Page MenuHomePhabricator

Unify separator between language and lexical category
Closed, ResolvedPublic


We are not consistent in how we separate language and lexical category.

On tooltip of Lexeme there is comma separator between language and lexical category:

comma1.png (770×1 px, 54 KB)

On search results there is no separator between language and lexical category:

comma2.png (849×1 px, 97 KB)

And no separator in the entity selector:

image.png (168×927 px, 7 KB)

Acceptance criteria:

  • We consistently separate language and lexicographical category with a localizable comma in all 3 places.

Event Timeline

Would that go through a function of some sort that renders the Word/Language combination?
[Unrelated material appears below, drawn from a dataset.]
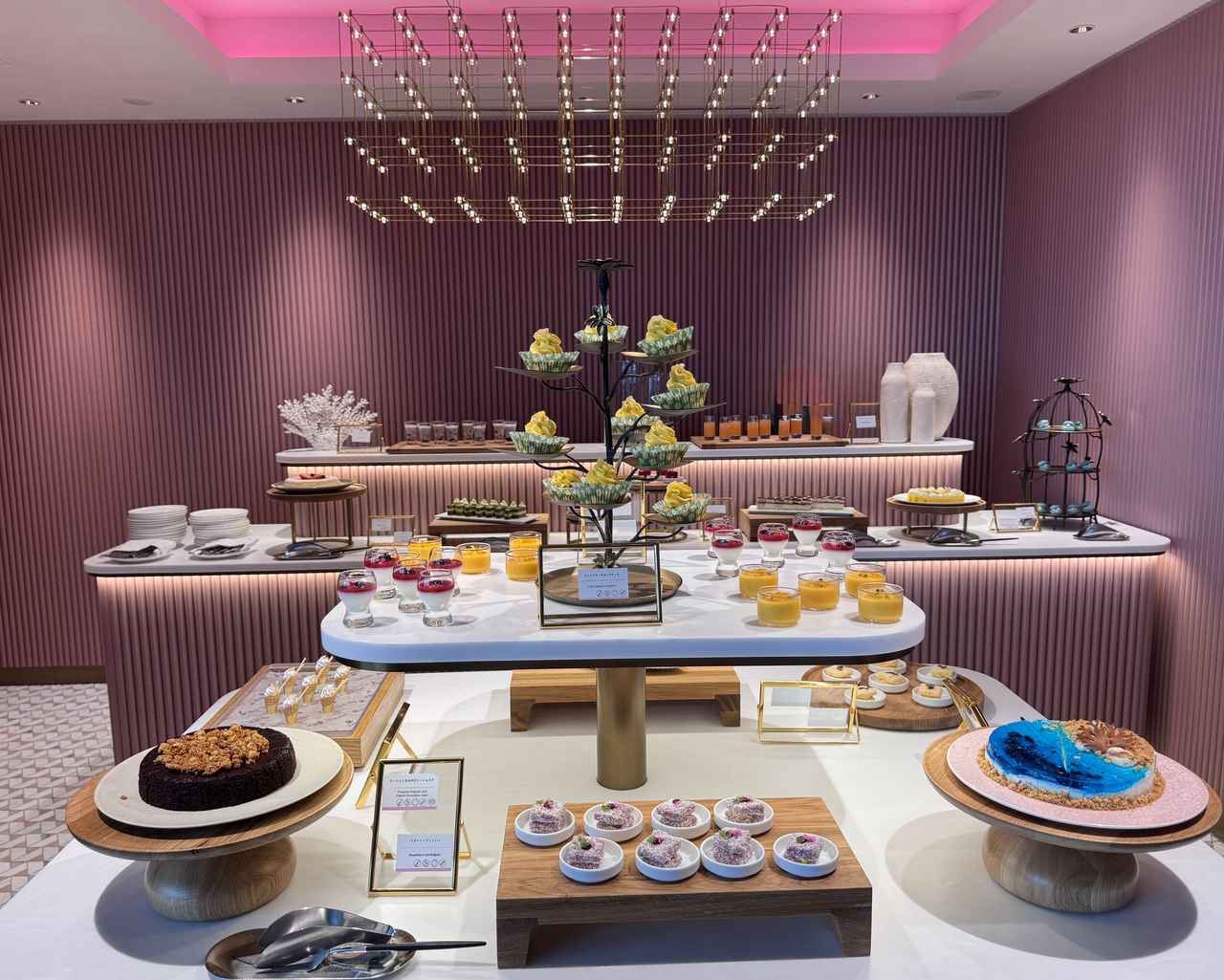 マカロンやケーキ、グラスデザートに至るまで、カラフル&フォトジェニックなスイーツが勢ぞろい。パステルカラーのスイーツたちがまるで宝石箱のように並び、どこを切り取ってもSNS映え間違いなし♡

Or would this be defined in CSS what the sepreator is?
In any case, I have few preferences except that consistency would be great.

Editors: preferences please :) Then we can pick this up.
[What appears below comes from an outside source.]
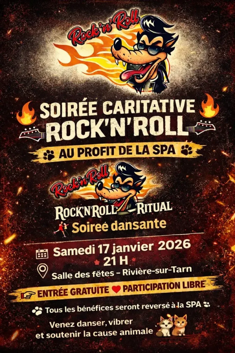 Concerts et vide-grenier caritatifs au profit de la SPASalle des fêtes12640 Rivière-sur-Tarn lat. 44.1889 - lon. 3.13
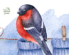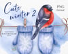 Knitted woolen mittens drying on a string. Bullfinch sitting on a string. Christmas, Winter, New Year decoration.

I would prefer comma separator but I work only with Latin scripts so I don't know if it works for all languages (Chinese, Hebrew, Tamil, Japanese etc.)
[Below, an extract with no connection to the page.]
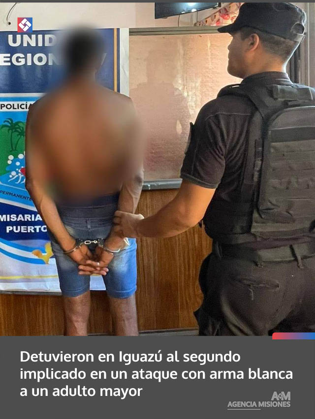 El procedimiento fue realizado sobre la avenida Eduardo Reynoso por efectivos de la Comisaría de la Mujer de la Unidad Regional V, en el marco de la investigación por un robo agravado en perjuicio de un hombre de 85 años, registrado el pasado 18 de enero. Por el mismo hecho, una mujer de 28 años permanece detenida. Al momento de la aprehensión, el sospechoso tenía en su poder un cuchillo, el cual fue secuestrado para las pericias correspondientes.
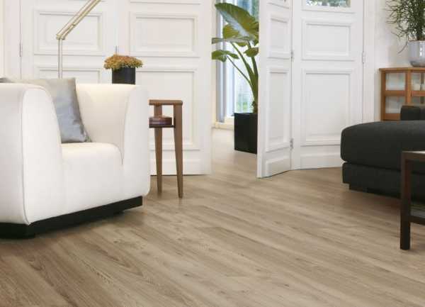 Прочные панели для пола выглядят, как натуральная древесина, но в принципе ее не содержат – только продукты деревообработки: ДВП, несколько слоев бумаги, поверх них ламинация из акрилатной или меламиновой смолы. В отличие от натурального дерева, ламинат не меняет конфигурацию в зависимости от влажности.

@Lydia_Pintscher , thanks a lot for asking! :)

The first example with the comma certainly looks better than the other ones with no separator.

As far as I can see, and as @Bugreporter has already written above, the message with the comma is implemented using the optional message wikibaselexeme-presentation-lexeme-secondary-label. It's default value is, expectedly $1, $2. It's a good default. I could imagine some other clever and more generic schemes, for example to use a | as a separator, but it's not really needed, and a comma is good enough. If anybody thinks that a comma is not good enough, I'll be very interested in seeing an example. Languages where something other than a comma and a space is needed can easily customize it by editing the translation at translatewiki.

The presentation without the comma is implemented using the message wikibaselexeme-description. It's value is $1 $2, and it's marked as "ignored" in translatewiki, which means that it's a message for internal technical use and cannot be translated. This designation is probably incorrect.

My immediate intuition is to do the following:

  • To use wikibaselexeme-presentation-lexeme-secondary-label consistently in every place where showing the lexeme and the part of speech is needed.
  • To examine the usage of wikibaselexeme-description. Perhaps it can be completely removed and replaced with wikibaselexeme-presentation-lexeme-secondary-label. If it's needed, then perhaps it can be changed to $1, $2, but there should be proper justification for having an identical message. If this is done, then this message should be defined as optional and not as ignored in the translatewiki configuration repo.

Having identical messages is not necessarily bad, as MediaWiki's Localisation guidelines say. I can think of at least one good justification for having two messages: one can be presented as plain text, which would be good for tooltips, and another one can be parsed with wiki syntax, for showing in context where HTML is available. (The messages don't have markup at the moment, but some languages may want it, for example for fixing RTL issues.) There can be other justifications. But this is really a questions that people who are well-familiar with the code should answer.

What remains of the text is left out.